Any advice I give is purely based on my own thoughts, opinions, and experiences. I try to be objective at the same time, but at the end of the day, I’m going to go with what I feel is the best answer. If you disagree with or are upset by my advice, please ignore it and move on. I can’t tell you what you want to hear just to make you feel better; that doesn’t help anyone.
I’m not responsible for the outcome of your situation if you choose to apply the advice I give. I’m not a fairy godmother, so I can’t fix things for you. Please don’t blame me for things not working. I don’t like being harsh about this, but I just want to make this known and understood.
Rules
Homophobia, transphobia, racism, misogyny/misandry, and any other sort of discrimination is prohibited in your reblogs, replies, and tags. If I find anyone breaking this rule to any degree, you will be blocked on the spot, no questions asked. It’s not 1950 anymore. You’re better than this.
If you find my advice or my suggestions to be problematic in any way, please message me directly and tell me why, so I know to correct myself and/or delete the problematic post in question.
DD/LG blogs will be blocked immediately if I find any interaction with my posts whatsoever. This is not kinkshaming. This is me wanting no part of a community that sexualizes children.
No asks about family situations and relationships. These will be deleted, as I am not in any position to help with matters like these. I’m still trying to figure out my own family lmao
Asks about sex and sexual relationships are allowed, but please do not be overly graphic in your descriptions. Sex asks are reserved for those 18 or older**. I will tag all sex-related posts with “tw sex” for those who wish to avoid them.
I won’t post submissions about breakups, rejections, or any other sorrowful situations.
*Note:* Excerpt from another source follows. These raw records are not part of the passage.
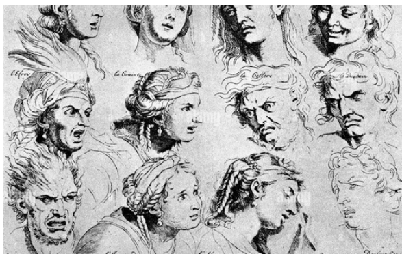
Charles le Brun, expressions, vers 1670

Art figuratif : L'art figuratif s'attache à la représentation du réel, en opposition à l'art abstrait.
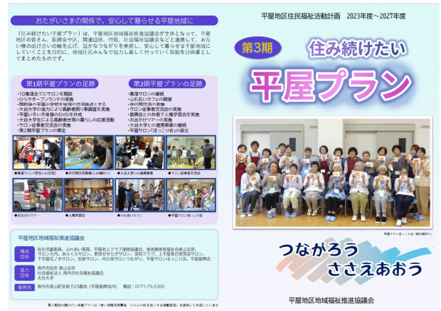
〈写真 13〉 平屋地区第3期住民福祉計画 （美山町）
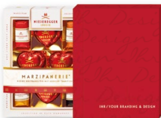
Marzipanerie, 100g mit Schubert
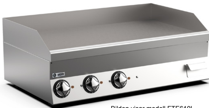
Bilden visar modell FTE610L

I want this blog to be a happier place for people. I’m really sorry for this one, and I can still be here to support you if you want to direct message me.
If you have any questions about the rules, please send a message! I don’t want to discourage anyone from interacting with this blog.
** If you are a minor looking for resources relating to things like sexual assault or birth control, please see the resources below. If you have any other questions or situations you need resources for, please message me directly.
FAQ
This is a list of the topics asked very, very frequently and have a quick answer to them. If I find your ask to be redundant and think it can be answered on this list, it will be deleted. This is not meant to ignore you; this is to keep ask traffic lower so that I can answer more people instead of repeating the same answer for one general topic.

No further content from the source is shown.